Data for analysis Block Start
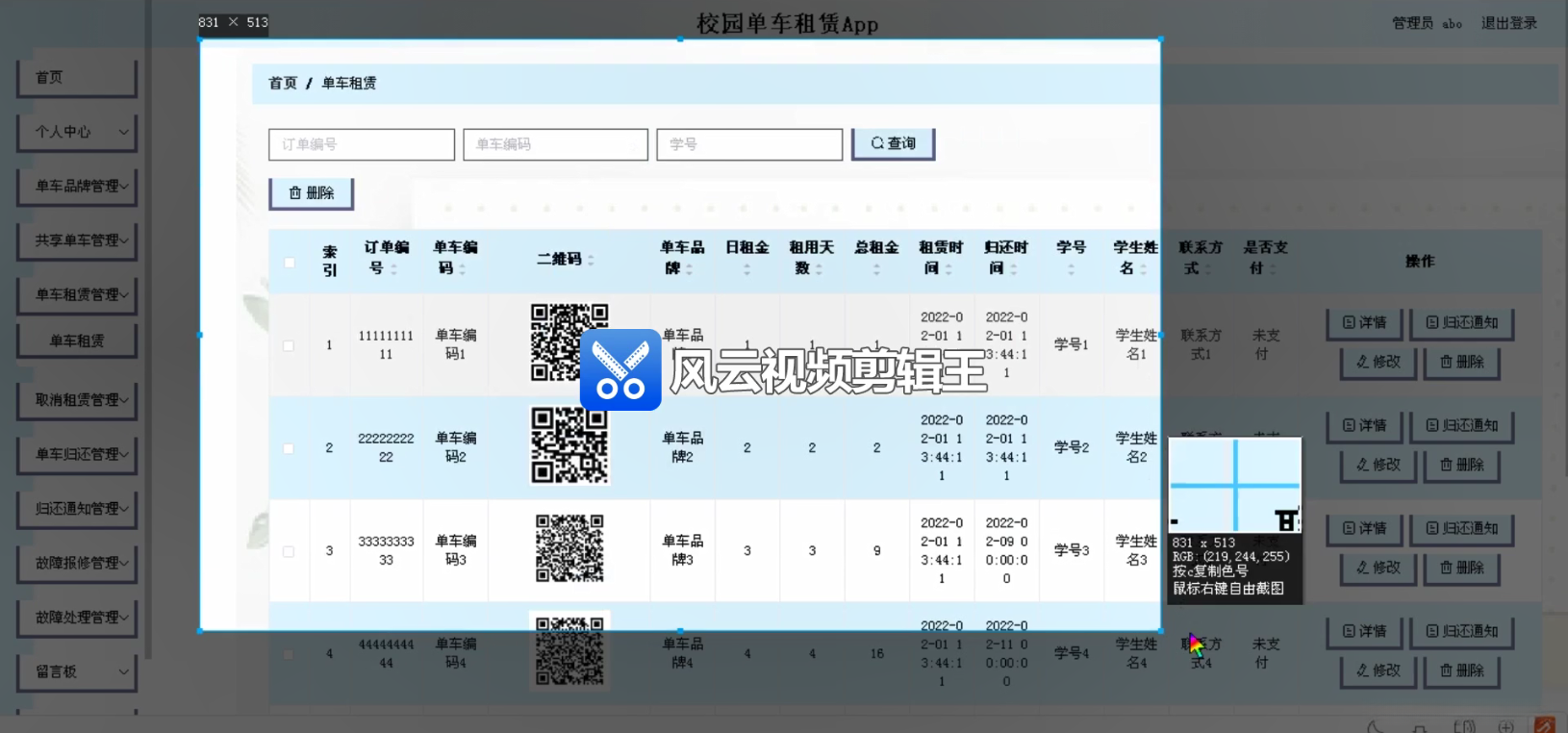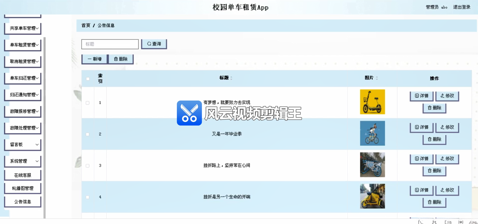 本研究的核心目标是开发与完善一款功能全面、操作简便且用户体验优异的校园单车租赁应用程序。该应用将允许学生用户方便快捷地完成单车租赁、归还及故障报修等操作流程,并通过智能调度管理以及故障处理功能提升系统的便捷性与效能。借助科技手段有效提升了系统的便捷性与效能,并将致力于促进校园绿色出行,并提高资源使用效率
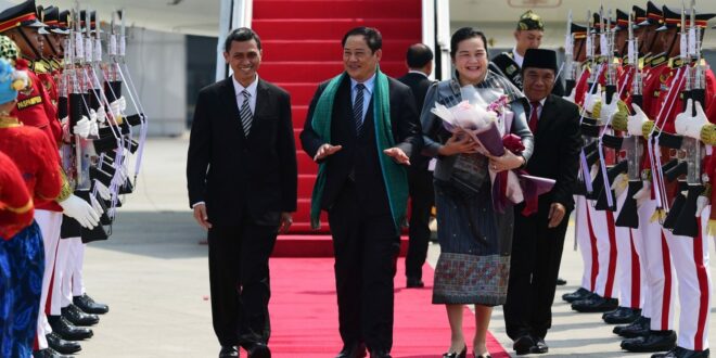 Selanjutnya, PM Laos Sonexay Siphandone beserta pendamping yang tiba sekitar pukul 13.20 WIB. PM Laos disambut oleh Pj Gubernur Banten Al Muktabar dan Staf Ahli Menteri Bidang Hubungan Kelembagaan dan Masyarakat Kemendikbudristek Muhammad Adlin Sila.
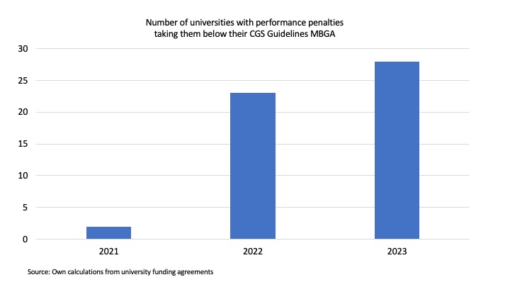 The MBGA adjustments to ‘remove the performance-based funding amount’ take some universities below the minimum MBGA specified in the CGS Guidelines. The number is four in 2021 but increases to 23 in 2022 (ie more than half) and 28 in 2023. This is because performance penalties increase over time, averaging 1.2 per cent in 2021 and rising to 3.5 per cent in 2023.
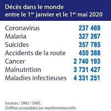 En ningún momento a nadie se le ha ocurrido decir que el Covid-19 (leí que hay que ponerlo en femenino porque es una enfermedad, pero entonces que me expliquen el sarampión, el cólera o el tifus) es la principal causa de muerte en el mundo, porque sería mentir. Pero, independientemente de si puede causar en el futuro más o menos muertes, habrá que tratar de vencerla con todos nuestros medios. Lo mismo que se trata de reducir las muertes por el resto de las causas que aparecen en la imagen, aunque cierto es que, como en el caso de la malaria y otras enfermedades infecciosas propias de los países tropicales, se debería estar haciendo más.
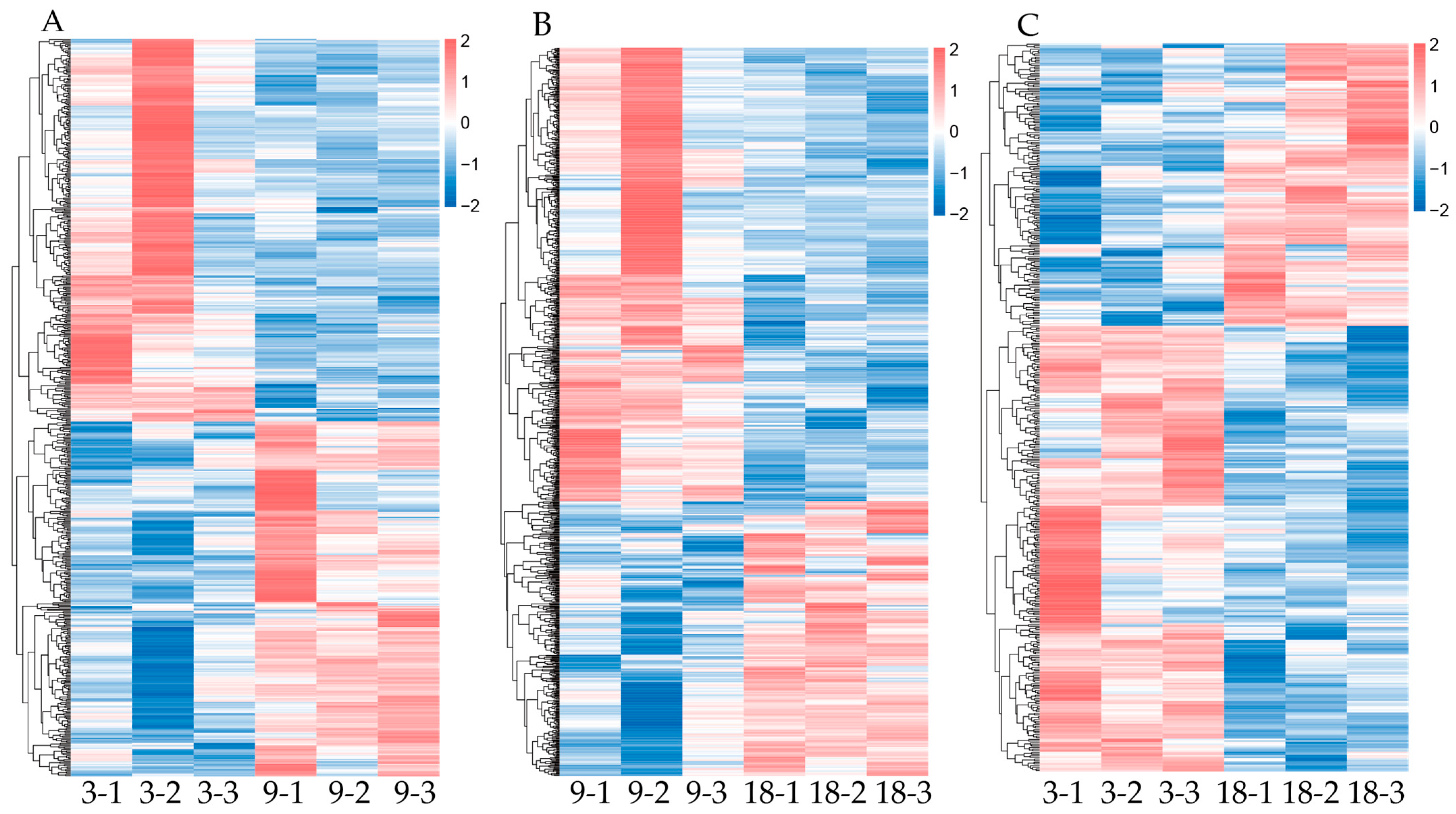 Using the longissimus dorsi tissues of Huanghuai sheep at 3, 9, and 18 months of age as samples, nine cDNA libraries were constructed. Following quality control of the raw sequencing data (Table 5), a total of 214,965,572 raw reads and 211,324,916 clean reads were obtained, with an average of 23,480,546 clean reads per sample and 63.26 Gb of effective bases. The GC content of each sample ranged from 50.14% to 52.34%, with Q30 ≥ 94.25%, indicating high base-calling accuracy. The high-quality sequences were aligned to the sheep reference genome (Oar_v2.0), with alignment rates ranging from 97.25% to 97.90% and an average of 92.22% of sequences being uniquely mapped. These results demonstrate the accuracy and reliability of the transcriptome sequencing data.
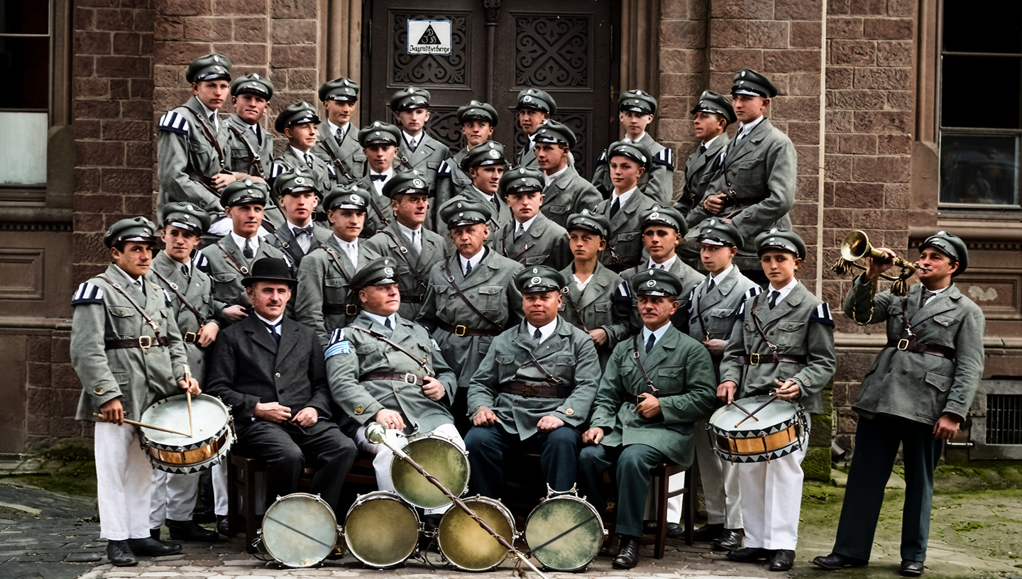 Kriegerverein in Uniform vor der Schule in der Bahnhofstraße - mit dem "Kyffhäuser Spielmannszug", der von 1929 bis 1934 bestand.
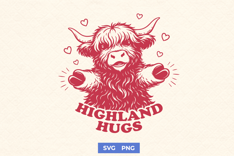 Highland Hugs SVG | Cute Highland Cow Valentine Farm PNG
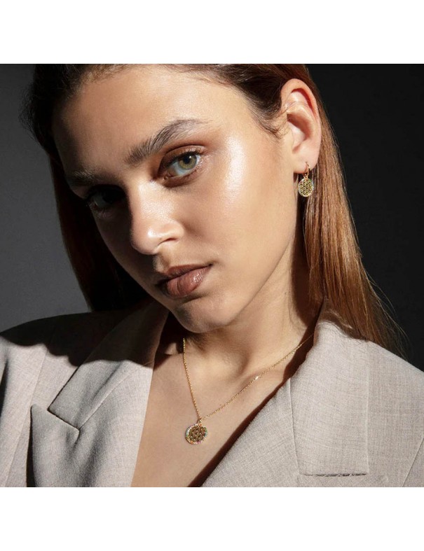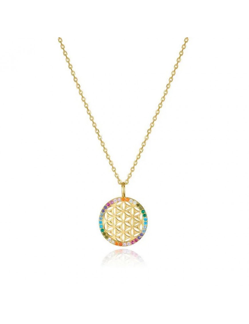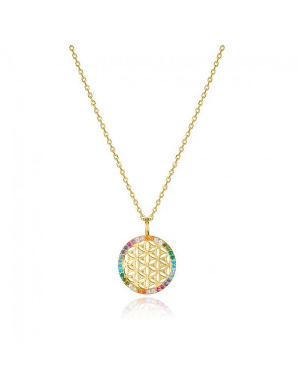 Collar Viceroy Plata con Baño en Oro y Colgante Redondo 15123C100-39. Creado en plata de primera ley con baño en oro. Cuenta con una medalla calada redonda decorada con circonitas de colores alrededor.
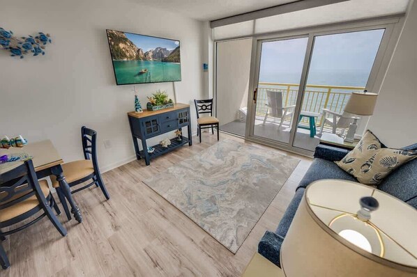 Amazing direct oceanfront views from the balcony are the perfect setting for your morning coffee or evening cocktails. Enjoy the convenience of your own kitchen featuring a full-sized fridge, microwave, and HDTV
Data for analysis Block End
Work task:
Beginning at the line that contains "Collar Viceroy Plata", retype each line of the data above through the very last one. Do not retype the pictures.

Exercise response:
 Collar Viceroy Plata con Baño en Oro y Colgante Redondo 15123C100-39. Creado en plata de primera ley con baño en oro. Cuenta con una medalla calada redonda decorada con circonitas de colores alrededor.
 Amazing direct oceanfront views from the balcony are the perfect setting for your morning coffee or evening cocktails. Enjoy the convenience of your own kitchen featuring a full-sized fridge, microwave, and HDTV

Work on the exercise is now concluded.